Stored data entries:
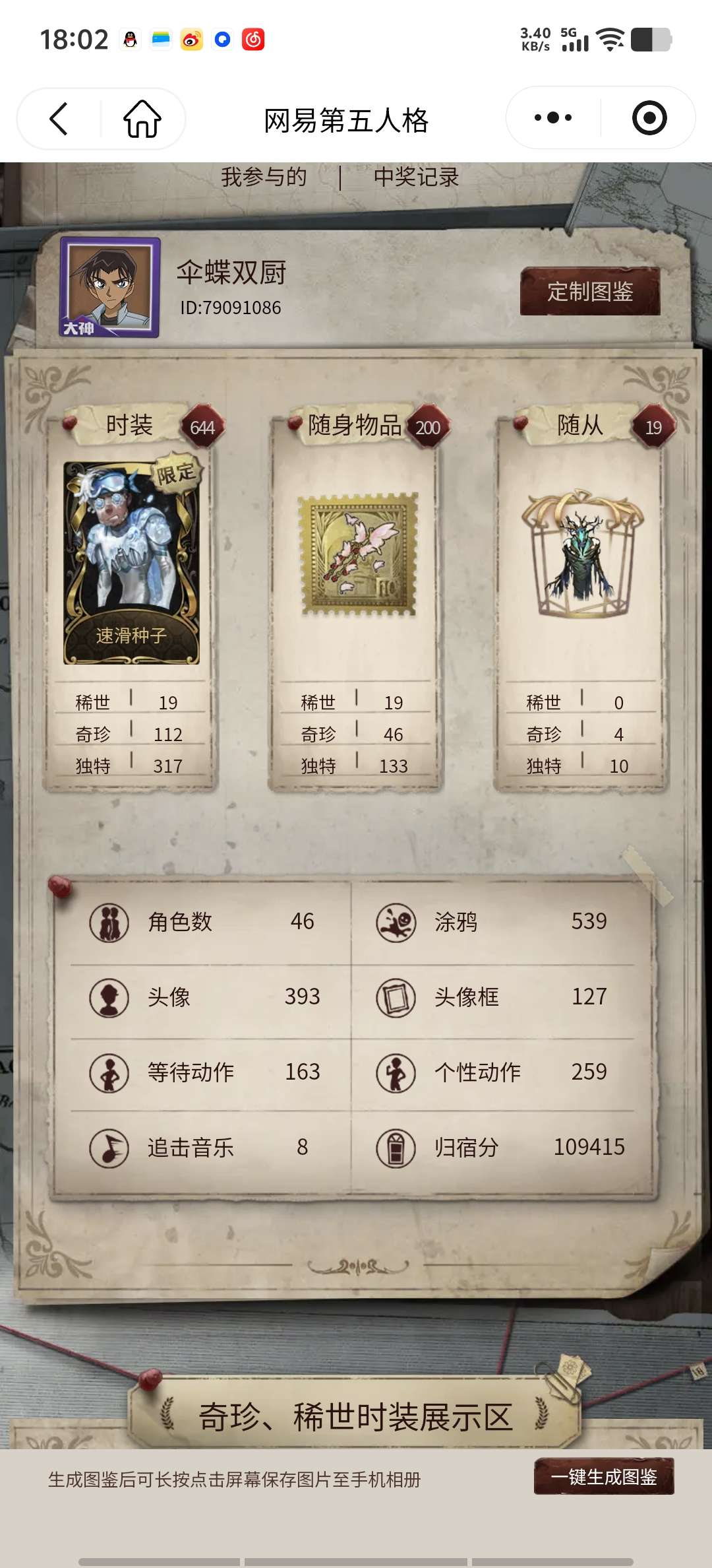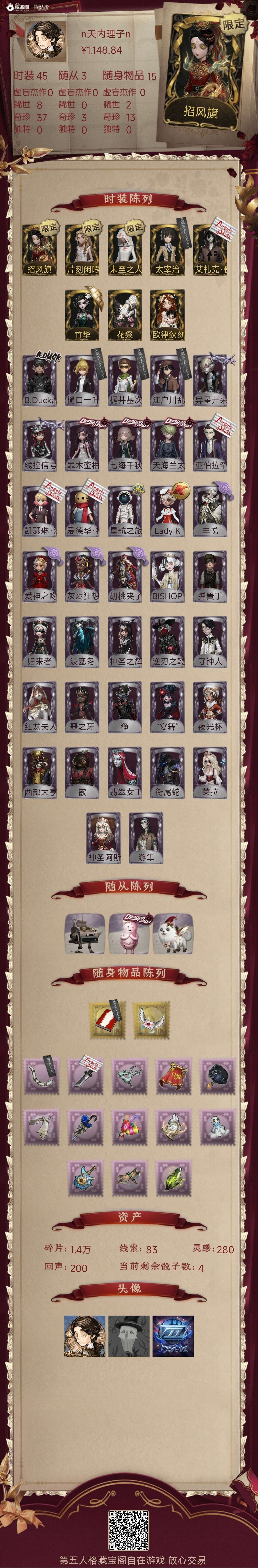 第五人格账号,充了一千二左右,可小刀,金皮紫皮多,金挂多
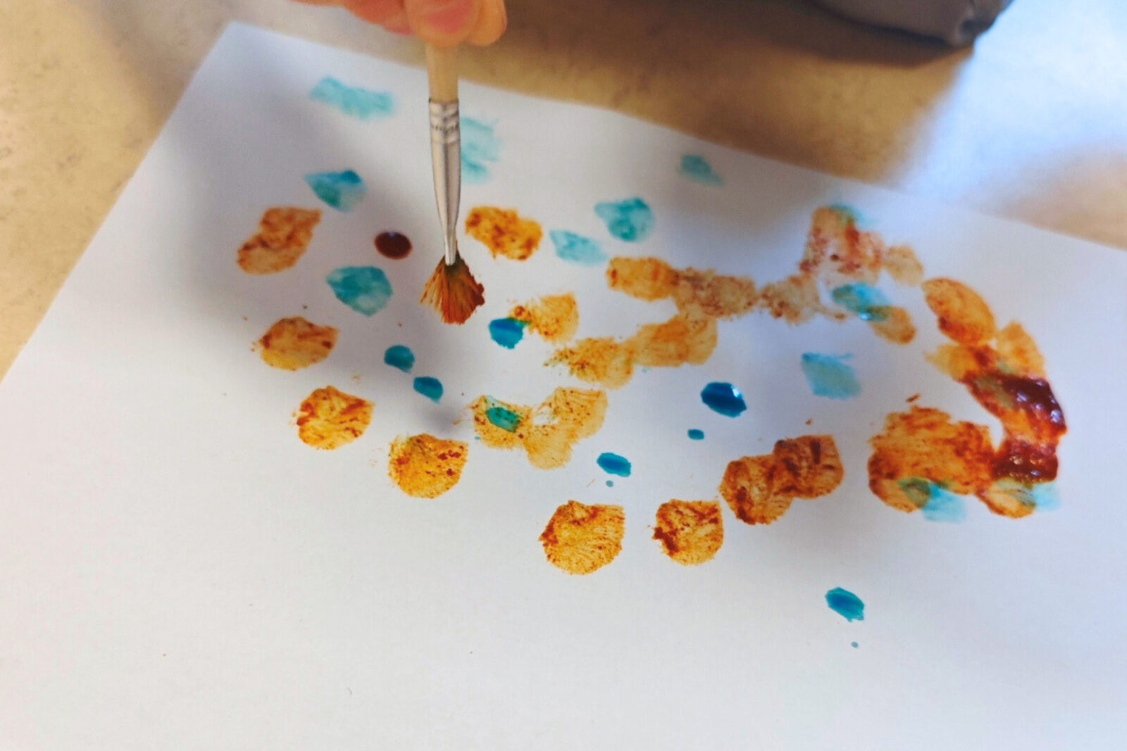 Im praktischen Teil stellten die Kinder aus den Gewürzen eigene Farben her. Durch das Vermischen mit Wasser entstanden natürliche Farbtöne, mit denen die Kinder Bilder gestalteten. Anschließend wurden Buchstaben aus den duftenden Bildern geschnitten, sodass eine Verbindung zwischen Kreativität, Sinneserfahrung und früherer Schriftkultur entstand. Zusätzlich wurden kleine Riechproben erstellt, um Gerüche wiederzuerkennen und zuzuordnen.
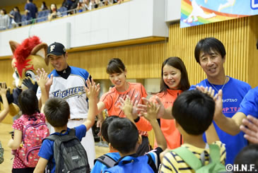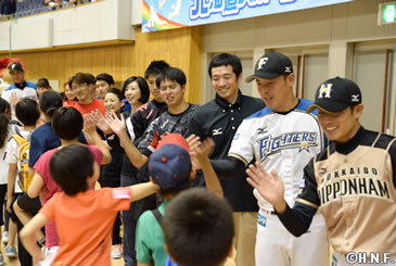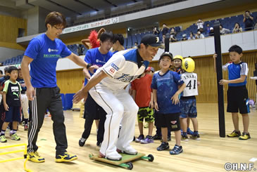 北海道日本ハムファイターズは10月2日(日)、札幌市の北海道立総合体育センター(北海きたえーる)で稲葉篤紀スポーツ・コミュニティ・オフィサー(SCO)が発起人を務める「北海道スポーツコンベンション」を初めて開催しました。陸上、ノルディックスキージャンプ、カーリング、サッカー、バスケット、野球の6競技から現役アスリートを含む講師陣が一堂に会し、小学生360人を対象に体験教室を開いてスポーツの楽しさを体感していただきました。
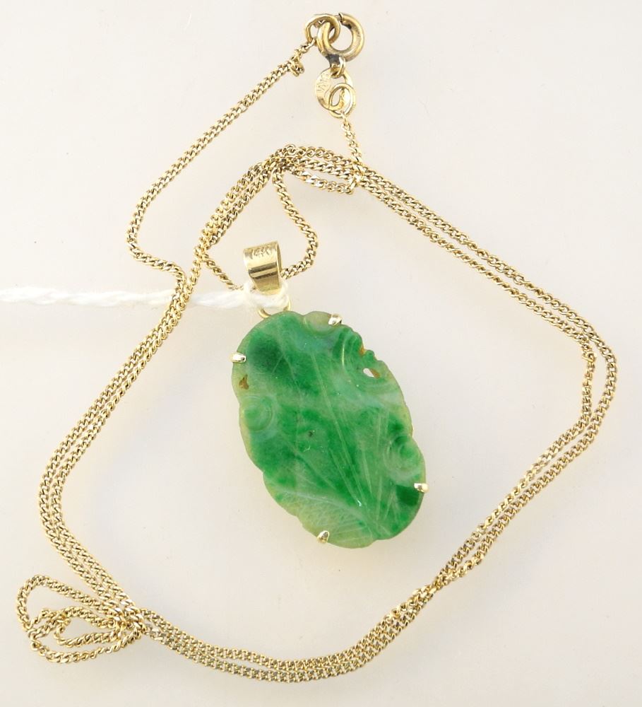14K Jadeite Pendant (1" x 5/8") on a 10K Gold Chain, 18" Length.
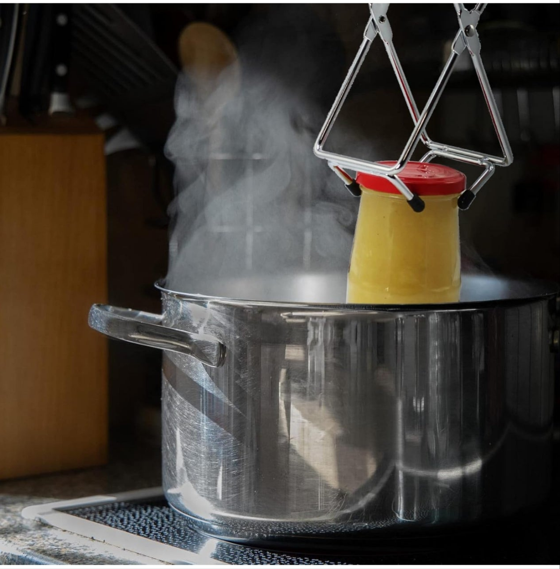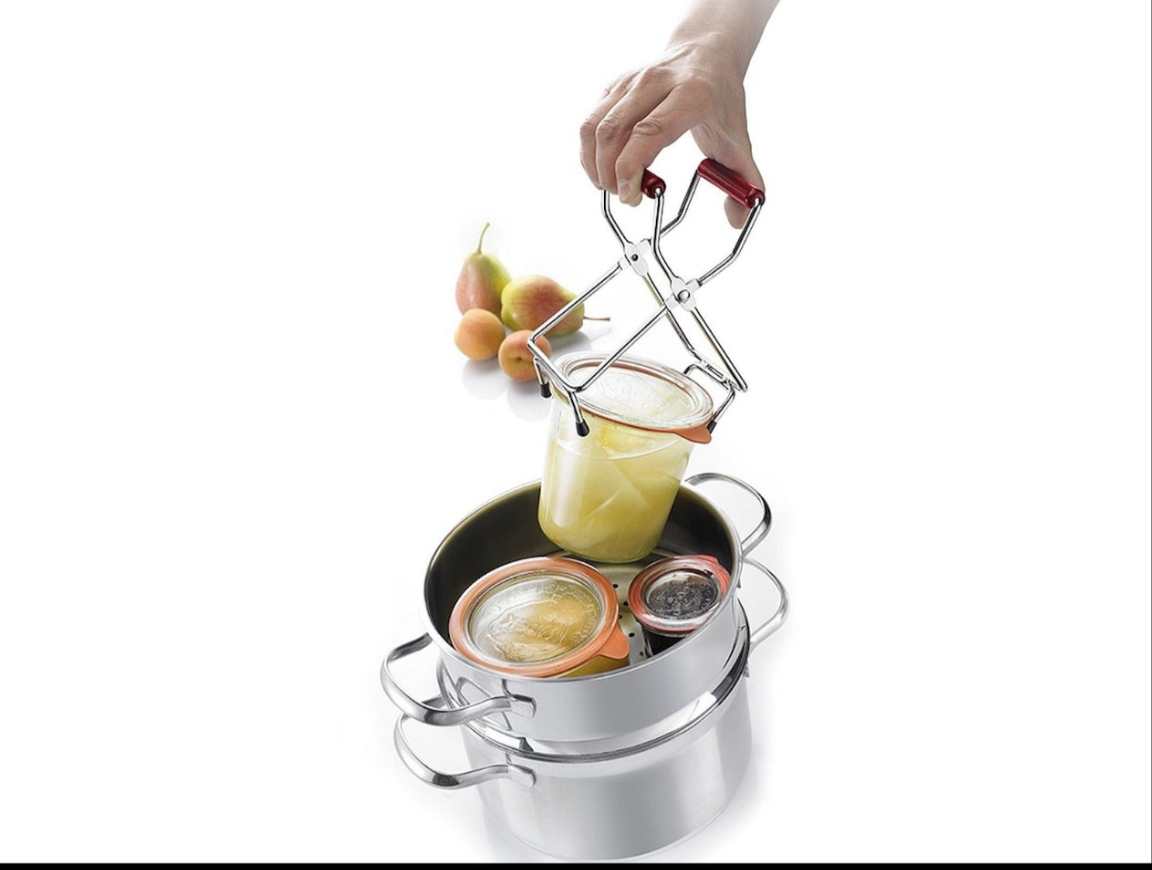 Glastang til at løfte brandvarme glas op ad henkogningsgryden efter endt henkogning.

Assigned task — Without the pictures, return the whole of the data exactly as given.

Task answer —
 第五人格账号,充了一千二左右,可小刀,金皮紫皮多,金挂多
 Im praktischen Teil stellten die Kinder aus den Gewürzen eigene Farben her. Durch das Vermischen mit Wasser entstanden natürliche Farbtöne, mit denen die Kinder Bilder gestalteten. Anschließend wurden Buchstaben aus den duftenden Bildern geschnitten, sodass eine Verbindung zwischen Kreativität, Sinneserfahrung und früherer Schriftkultur entstand. Zusätzlich wurden kleine Riechproben erstellt, um Gerüche wiederzuerkennen und zuzuordnen.
 北海道日本ハムファイターズは10月2日(日)、札幌市の北海道立総合体育センター(北海きたえーる)で稲葉篤紀スポーツ・コミュニティ・オフィサー(SCO)が発起人を務める「北海道スポーツコンベンション」を初めて開催しました。陸上、ノルディックスキージャンプ、カーリング、サッカー、バスケット、野球の6競技から現役アスリートを含む講師陣が一堂に会し、小学生360人を対象に体験教室を開いてスポーツの楽しさを体感していただきました。
14K Jadeite Pendant (1" x 5/8") on a 10K Gold Chain, 18" Length.
 Glastang til at løfte brandvarme glas op ad henkogningsgryden efter endt henkogning.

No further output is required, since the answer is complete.